You also need traditional pandas and numpy libraries, which you can install the same way as above.
Get the data
First off, let’s get all the libraries we need set up, and then make our first request to the API. We’ll use a method called ‘get_player_games_by_month’ to see all the games played in a particular year and month. To get a feel for the type of data we get, we’ll look at a sample game. By using Python’s built-in ‘pprint’ library, we can make the JSON response easier to read.
# Import necessary libraries
from chessdotcom import get_player_game_archives, get_player_games_by_month, Client
import pandas as pd
import numpy as np
from pprint import pprint
# Configure the user agent for the API requests to Chess.com
# this part is mandatory as per new version of API
Client.request_config["headers"]["User-Agent"] = (
"My Python Application. "
"Contact me at [email protected]"
)
# get games for the month of November 2023
response_sample = get_player_games_by_month("mikayil94", year=2023, month=11)
# print the JSON
pprint(response_sample.json)
The really cool part is in the PGN (Portable Game Notation) section — it has everything we need, like the name of the opening and a link to more details (ECOUrl)

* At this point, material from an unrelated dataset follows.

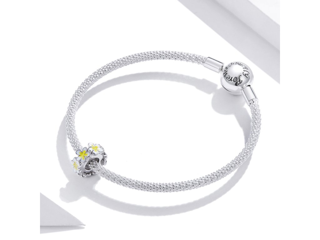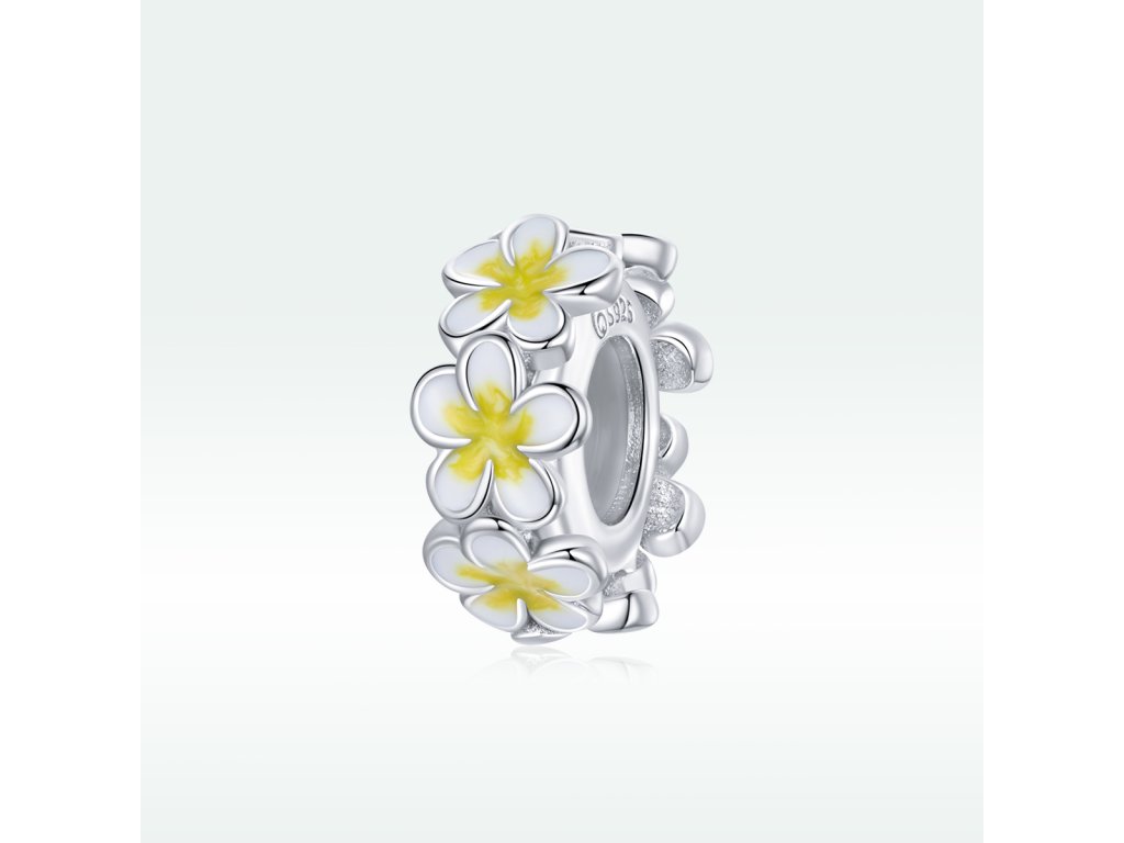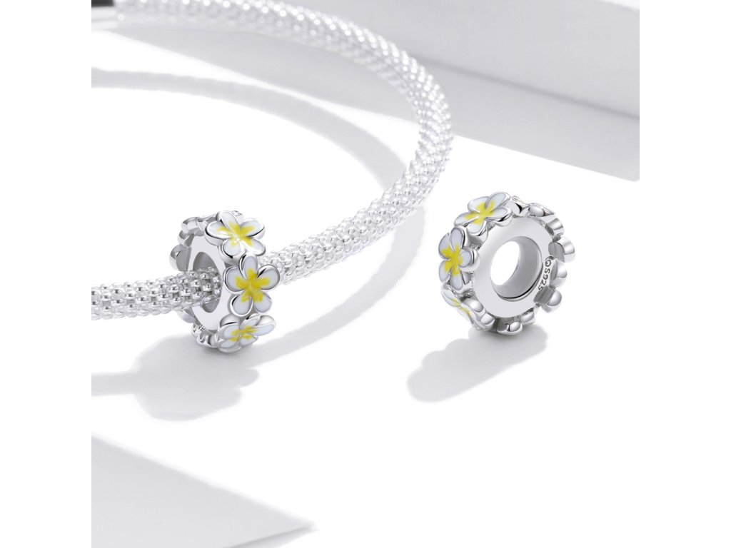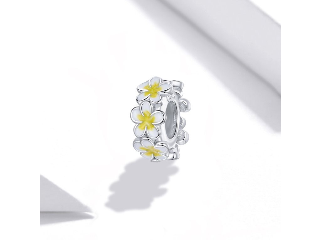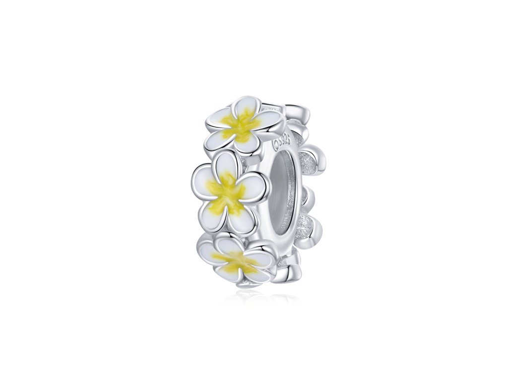 - Strieborný prívesok alebo spacer oddeľovač v dizajne Pole romantických kvetín zdobených žltou a bielou glazúrou. Originálny design prívesku, kvalitné spracovanie a materiál, ručne dohotovené.

There’s a method called ‘get_player_game_archives’ which helps us get a list of our old games on this platform, sorted by the year and month we played them. The dates come in link format, so we just need to pick out the date part from each link.
# Retrieve a list of months during which the player 'mikayil94' has played games
response1 = get_player_game_archives("mikayil94")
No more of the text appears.